Prevention is a topic about which I feel very strongly – we all owe it to ourselves to be proactive about our health, since catching medical issues early, before they have a chance to turn into serious problems, can save us time and money and confer a host of intangible benefits in the long run. Prevention really begins with a yearly physical exam, and it’s important you make the most out of yours in order to help prevent return visits to your doctor’s office throughout the year.

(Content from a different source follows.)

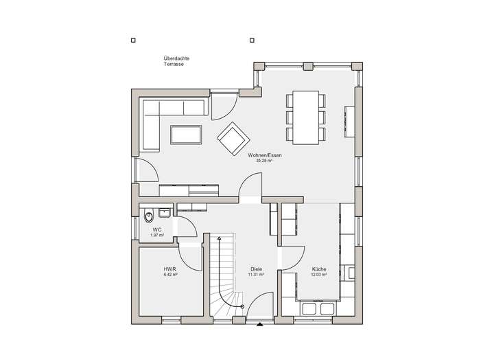 4 Zimmer, offene Küche, Diele, WC, Flur, Bad, Hauswirtschaftsraum, überdachte Terrasse

It’s important to come prepared to your physical exam (and any other doctor’s appointment, for that matter).   Before you head to your doctor’s office, especially if it’s your first time there, make sure you have a list of essential information in hand:

  • Your family health history
  • ALL medications and supplements you currently take (including over-the-counter medications, dietary supplements, vitamins and herbal remedies, in addition to your prescription medications)
  • All of your allergies (food, environmental, medications)
  • Any past medical treatments, surgeries, or hospitalizations
  • Your previous immunizations
  • Results of previous medical tests or diagnostic procedures
  • Any symptoms you may be experiencing or health concerns you have

It helps to bring a notepad with you – you can jot down your essential information on it, as well as any questions you have beforehand or come up with during your visit. When it comes to questions, you should feel comfortable asking anything and everything that comes to mind, but at the very least, the National Patient Safety Foundation suggests you should be asking three key ones any time your doctor discusses tests, treatments, or any other next steps:


  1. What is my main problem?
  2. What do I need to do?
  3. Why is it important for me to do this?  

While your doctor is answering these questions, and any others you might have, make sure you take detailed notes so you can ask follow-up questions and have a visual reminder of everything that was discussed during your visit. By coming prepared, asking questions, and taking notes, you’ll ensure that you make the most out of your physical exam, and each and every doctor’s visit.